Salary advance borrowings from the Co-operative Bank of Kenya rose to an average of Sh164 million daily last year, pointing to the tough balancing act facing salaried employees.
The lender disclosed that salary advances, issued under its product dubbed, e-flexi, grew by Sh59.91 billion last year compared with Sh50.28 billion in the preceding year. This means that workers were on average tapping Sh164 million daily in salary advances, a rise from Sh138 million in 2020.
The rising value of short term loans points to the increasing number of people who are now forced to tap survival loans, with many cheating the system by borrowing from one lender to repay another.
The state of affairs agrees with a CBK and Financial Sector Deepening (FSD) Kenya survey that showed livelihoods of 73.6 per cent of households had worsened in 2021 compared to 2019.
“The main drivers of the deterioration were the inability to cope with shocks and challenges in managing their day-to-day needs,” said the 2021 FinAccess Household Survey. “Further analysis shows that 73.6 per cent noted that their lives had worsened in 2021 compared to 51 per cent in 2019, supporting their argument about the adverse effects of the Covid-19 pandemic on the socio-economic well-being of households.”
The survey showed the top priority for respondents during the 12 months leading up to the survey was putting food on the table compared to investing in education as was the case in 2019.
The economic situation saw 43.3 per cent of households tap into their savings for survival, 40.6 per cent cut the non-food budget, 38.9 per cent cut food spending, 22.1 per cent sold assets while 29.6 per cent turned to debts.

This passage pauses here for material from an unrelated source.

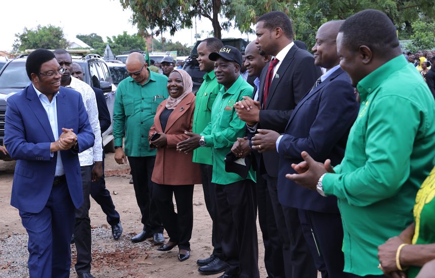 Waziri Mkuu, Kassim Majaliwa akizungumza na wananchi baada ya kukagua ujenzi wa vibanda vya biashara vinavyojengwa na halmashauri ya wilaya ya Igunga katika eneo la soko jipya la Igunga mkoani Tabora, Machi 12, 2025. (Picha na Ofisi ya Waziri Mkuu)

Many Kenyans are yet to recover from the Covid-19 shocks, going by the data captured by the World Bank in the latest Kenya Economic Update. The World Bank notes that cutting food and non-food budget remains one of the most frequently used tactic by households, with about a quarter of the households finding it useful, alongside use of debts.

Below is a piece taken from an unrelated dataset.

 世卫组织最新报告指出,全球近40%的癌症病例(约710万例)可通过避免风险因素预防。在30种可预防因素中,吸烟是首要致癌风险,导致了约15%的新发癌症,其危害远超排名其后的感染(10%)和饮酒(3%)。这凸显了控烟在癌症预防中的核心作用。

“The continued reliance on coping mechanisms suggests households still lack disposable income, for instance, the use of credit remains at its highest level since the start of the pandemic (27 per cent of households),” says World Bank.
The report observes that food insecurity continues to affect one-third of households.
The share of households unable to access staple food has increased to 36 percent with half of the affected population citing a sharp rise in prices.